THT stands for Through-Hole Technology. It refers to the technique of mounting PCB components via plated-through holes.

So another name for through-hole components is plated-through-hole components.

These parts must have long leads or pins that go into the drilled holes for soldering either by hand or using the wave soldering process.

Compared to reflow soldering, wave soldering requires a pool of molten solder to attach the components to the plated-through holes.
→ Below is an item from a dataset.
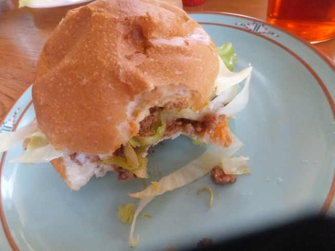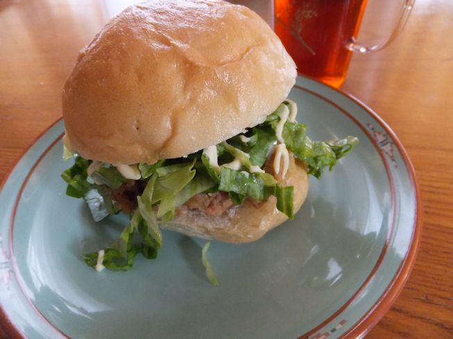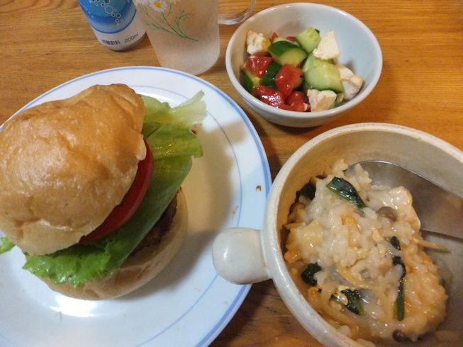 玉ねぎ、ベーコン、キャベツとカレー味のホワイトソース。 ハンバーガー。 豚ひき肉を1パックを3つに分けて、 何もいれずに丸めて伸ばして焼いただけのハンバーグ。 焼いた後で玉ねぎ輪切りも焼いて、ケチャップソースも温めて、 ディルピクルスとマヨネーズ、スライスチーズ。 |

SMT devices require solder paste instead of molten solder.

A vintage circuit board with through-hole components

A vintage circuit board with through-hole components

Applying solder paste in the holes will be wasteful because the material will melt and flow out of the hole when placed in a reflow oven.

But through holes creates a sturdier mechanical bond because the solder will have more surface area to attach the component lead to the PCB. So the board will be able to withstand intense environmental stress.

And speaking of leads, THT parts can either have axial leads or radial leads. Axial lead components have pins placed on either side. But radial lead components have pins on one side.

However, THT components are more sizable than their SMD counterparts.

So they are not ideal for building compact electronics because the board size must be larger to accommodate the holes and large parts. Plus, these parts have lower pin counts.

Also, the THT assembly process has some manual elements; assemblers usually insert the components by hand before wave soldering.

So mass production using the through-hole method is challenging.

And the cost of production of blank boards for through-hole assembly is higher because they are larger and require drilling plus plating.

So the initial investment cost is low, but manufacturing costs will be higher than with SMT.

THT Pros

  • Create stronger mechanical bonds with the board
  • Usable directly without soldering in breadboards
  • Requires low initial capital investment 

THT Cons

  • Manual/labor-intensive assembly process (not ideal for mass production)
  • High assembly cost
  • Sizable electrical components (not suitable for HDI boards)
  • High blank board costs
  • Unsuitable for multilayer boards
A blank PCB for mounting THCs

A blank PCB for mounting THCs

When To Use THT

  • If using breadboards for prototyping
  • For low-scale production
  • When the application requires strong mechanical strength to withstand mechanical stress

What About Mixed Technology

When choosing between SMT and THT, you will most likely realize that you cannot use either as the sole attachment method. You need to blend the two, which introduces the mixed assembly technology.

A mixed-assembly PCB 

A mixed-assembly PCB 

The combination gives you the best of both worlds. You can use THT for critical components that require high mechanical strength and SMT for the rest to reduce the PCB size.

Differences Between SMT and THT

PCB, Component, and Package SizeSmallLarge
Circuit Design, Production, and AssemblyHighly complexNot as complex
MountingRequires flat exposed padRequired a plated-through hole
Component DensityHighLow
ComponentsSOP, SOIC, QFP, QFN, BGA, Chips, etc.SIP, DIP, axial and radial leads, etc.
Soldering TypeReflow solderingWave and manual soldering
Blank PCB CostLowHigh
Assembly CostLowHigh
Equipment CostHighLow
Component CostLowHigh
Mechanical BondLowerStronger bond
Production AutomationFully automated (faster production time)Partially automated

Wrap Up

Although the three terms relate to components and their mounting technologies, comparing SMT vs. THT and SMD vs. THC makes more sense. And we’ve done that for you above.